Certificate Lifecycle (2) 4. (Certification): The CA creates a certificate with all provided information and other information due to its security policy and also the public-key. The CA digitally signs the certificate with its own private key. 5. (Certificate distribution): The CA sends the new certificate to the subscriber. If the CA has generated also private keys and possibly personalized smartcards, then these items are securely sent to the subscriber as well. The certificate is also published in a (global) repository; the certificate may be send to other application specific directories. 6. (Usage): Issued certificates are used by the subscribers or assigned entities. The certificates are applied to verify digital signatures, establish trust among the parties, certificates are being looked up in directories or repositories, or are being distributed among the parties.
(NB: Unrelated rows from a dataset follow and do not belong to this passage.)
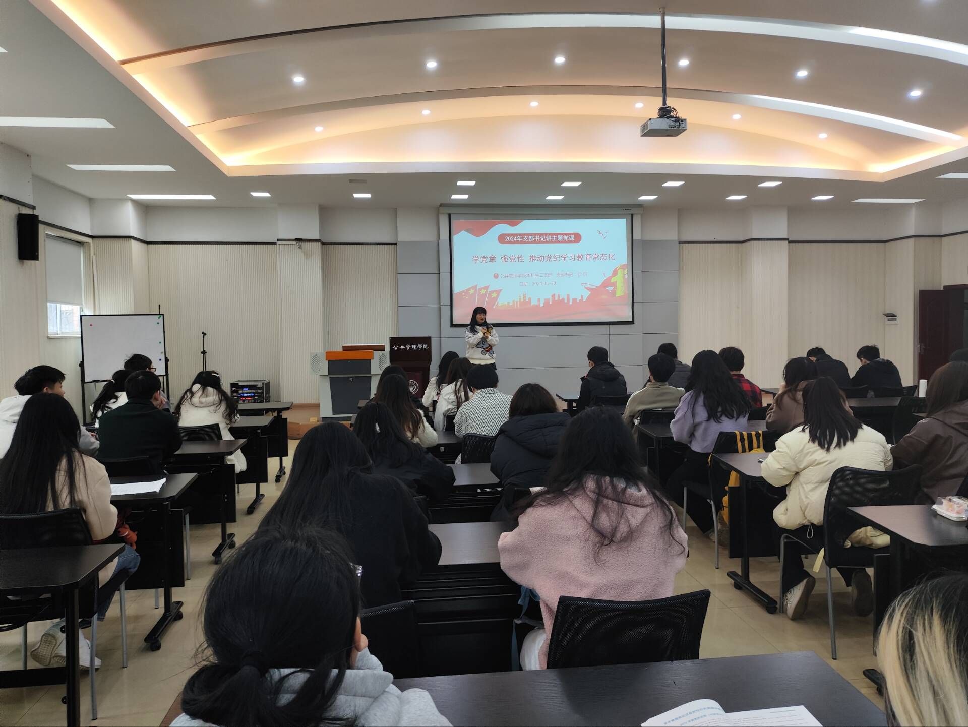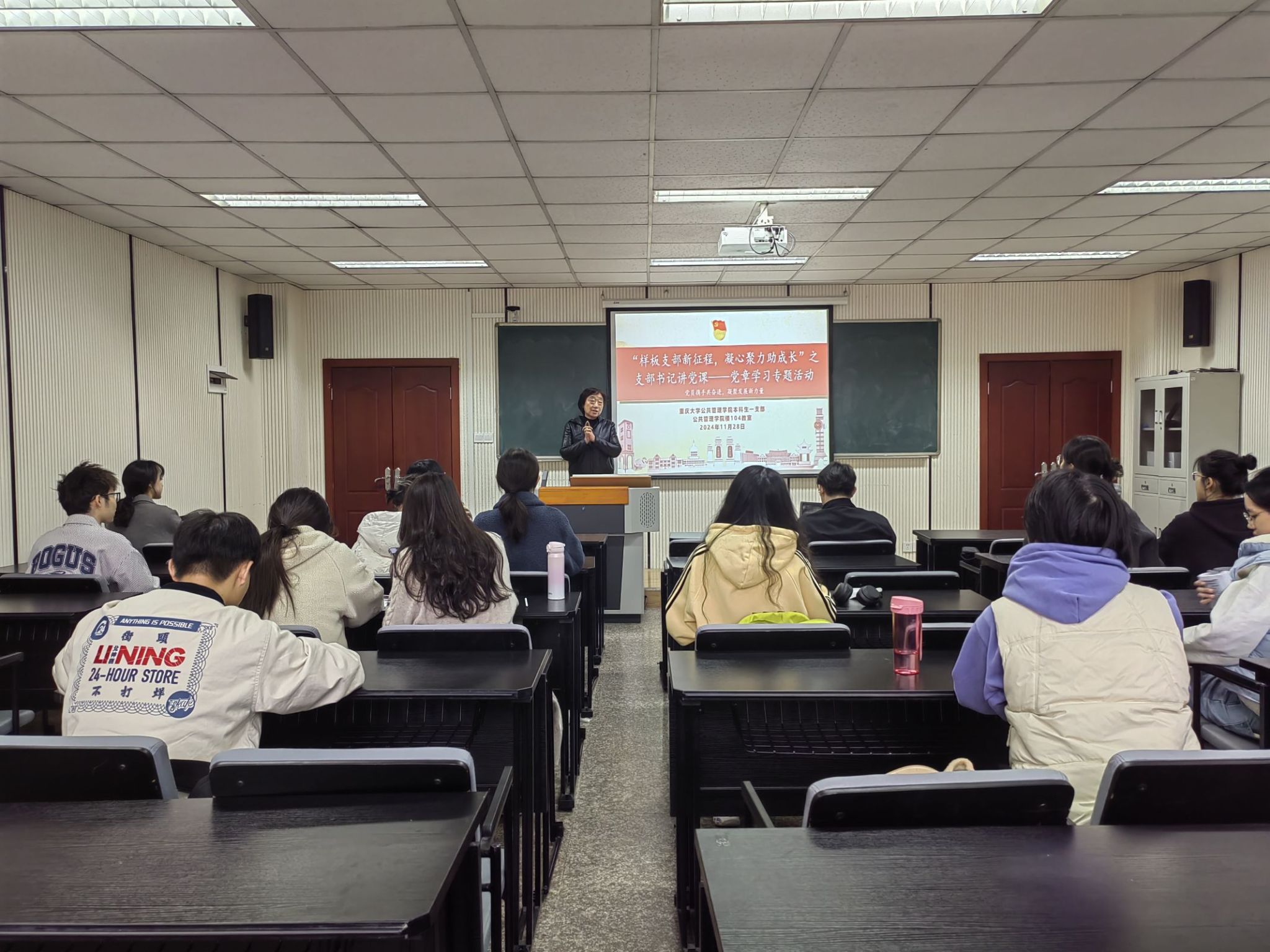2024-11-29支部共建、共发展,2024年11月28日13:00,学院本科生四支部在学院楼106教室成功举办了“样板支部新征程,凝心聚力助成长”——支部书记讲党课之党章学习教育活动。本次活动旨在深入推进学习贯彻习近平新时代中国特色社会主义思想主题教育,全面深入地学习、认识和贯彻《中国共产党章程》的重要精神。由本科生四支部书记袁凤主讲,学院本科生四支部全体党员、预备党员及入党积极分子积极参加了此次活动。活动伊始,袁凤书记以...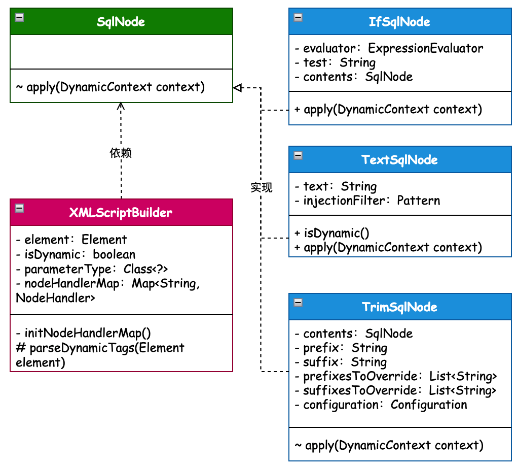 场景介绍:在 Mybatis XML 动态的 SQL 配置中,共提供了9种(trim/where/set/foreach/if/choose/when/otherwise/bind)标签的使用,让使用者可以组合出各类场景的 SQL 语句。而 SqlNode 接口的实现就是每一个组合结构中的规则节点,通过规则节点的组装完成一颗规则树组合模式的使用。 具体使用源码可以阅读《手写Mybatis:渐进式源码实践》 -
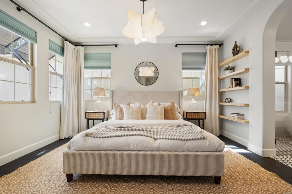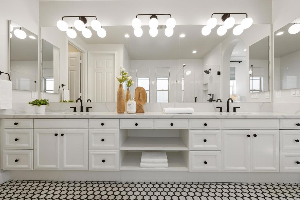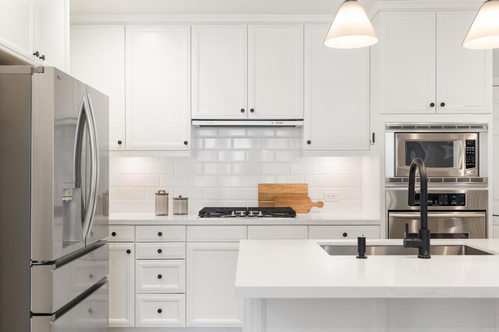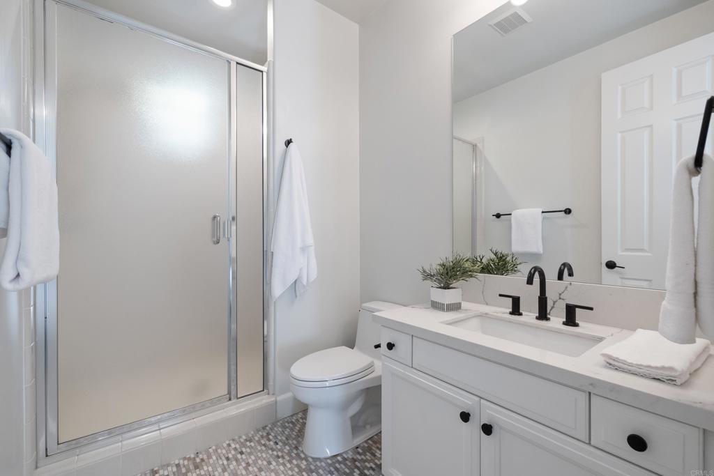 Beautifully remodeled Beacons Point in Liberty Station offers the perfect blend of modern finishes, functional layout, and charming Point Loma living. The open-concept floor plan seamlessly connects the living, dining, and kitchen areas—ideal for entertaining and everyday living. The beautifully renovated kitchen showcases quartz countertops and stainless steel appliances, all complemented by new flooring and designer fixtures, as well as updated bathrooms with contemporary finishes. Upstairs, the primary suite is a true spa-like retreat, complete with a soaking tub, glass-enclosed walk-in shower, dual walk-in closets, and a retreat area with Juliet balcony. A secondary upstairs bedroom and a convenient laundry room add to the home’s thoughtful layout. Downstairs bedroom offers a French door connection to the front patio, creating a unique indoor/outdoor flow for the downstairs living. Outdoor spaces shine with an entertainer’s courtyard featuring Trex decking and a gas fire pit, while the expanded front patio offers additional room to relax and enjoy the charm of Beacons Point. Additional features include a tankless water heater, and a 2-car garage with epoxy flooring and overhead storage racks. Ideally located in the heart of Liberty Station, just moments from parks, waterfront paths, top dining, shopping, Trader Joe’s, and Vons—this home captures the very best of Point Loma living.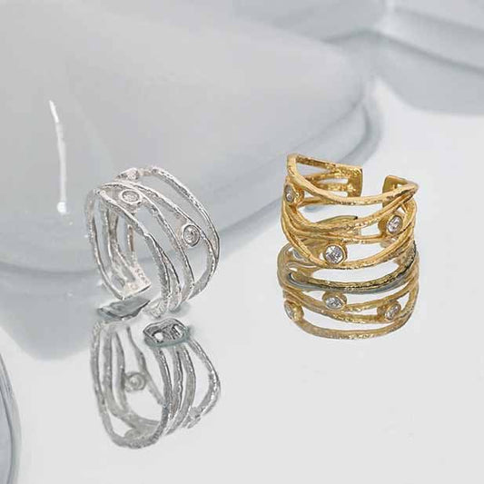 New CZ Hollow Lines Wide 925 Sterling Silver Adjustable Ring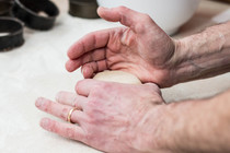 Perfectly seasoned pork filling is put into each pie by hand, before the lid is rolled and fitted by hand. Finally, an egg-wash is applied by hand.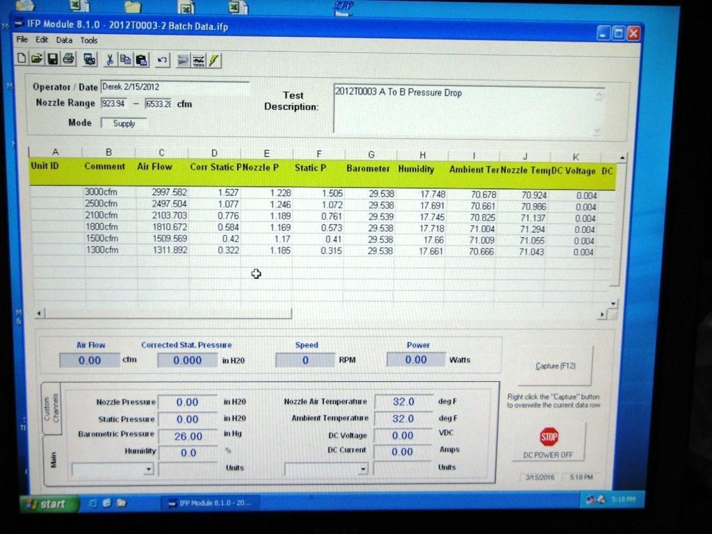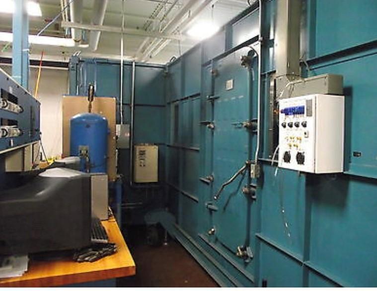 Specifications 6000 cfm tunnel, air flow measured by a family of 9 ASME flow nozzles; 2 each of: 2”, 3”, 4”, 6”& one 8” diameter. 20 hp variable speed blower with electrically controlled damper, for additional control 2 separate chambers that combine, 1 contains the blower and nozzles the other chamber able to be attached to the first in either the exhaust or supply modes. The In addition to the testing mentioned above the unit could be used for the airflow measurement portion of condenser calorimeter testing, smaller radiators and some charge air coolers. original PC contains the DMAT software used for testing.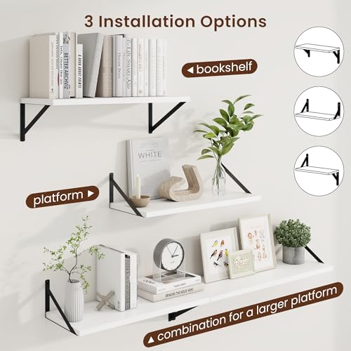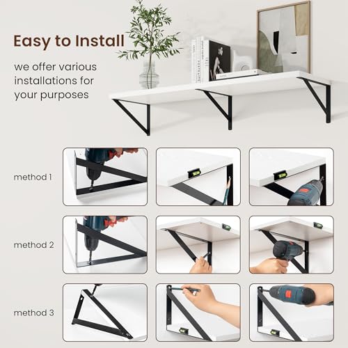 - استخدام متعدد الأغراض - أطلق العنان لإبداعك واكتشف الإمكانيات التي لا حصر لها لأرفف الحائط العائمة الخاصة بنا. يمكن ترتيب الدعامات أسفل اللوحة لتحويل الرفوف إلى رف كتب أو طاولة بجانب السرير. اجمع بين ألواح متعددة لصنع مساحة واسعة تناسب نمط حياتك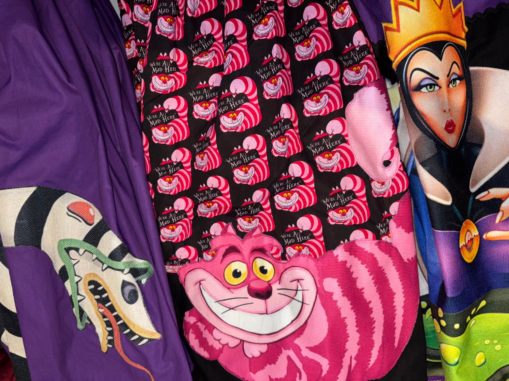 Celebrate Halloween in these one of a kind skirts fan art of the sand worm skirt, the Cheshire Cat skirt & the Evil Queen skirt!

Certificate Lifecycle (3) 7. (Revocation): At some point in time, there may be necessity to revoke the actual, legitimate certificate and prevent its further use; e.g. certificate is no longer to be used. This could be due to the assertion that the private key is considered no longer secure. Typically, the subscriber would revoke the certificate when there is evidence that the private-key has become public somehow or has lost its confidentiality or is somehow unavailable. The registration authority or an authorized entity of the RA may revoke a certificate as well, if the subscriber can no longer be considered trusted (employee left the company or data in certificate are no longer valid). Some trust centers even allow revocation upon request from a 3rd party (see CPS, AGBs). In case the root key has been compromised, the CA would revoke all issued certificates. For subscriber revocation, the subscriber requests revocation of his certificate at the RA through some authenticated certificate revocation request; this might be accomplished by the initial subscription PIN (when the certificate and private-key are no longer available) or with a signed revocation request issued or through phone call with pass phrase. The CA removes the particular certificate from the repository and adds it to a certificate revocation list (CRL). The CRLs are periodically distributed to the other subscribers. The subscriber may request another certificate anew.
Certificate Lifecycle (4) 8. (Expiration and Renewal): When the time passes beyond the validity date, the certificate expires. The CA may issue a renewed certificate according to step 4. The subscriber may also decide to update the certificate with a new certificate request submitted to the RA.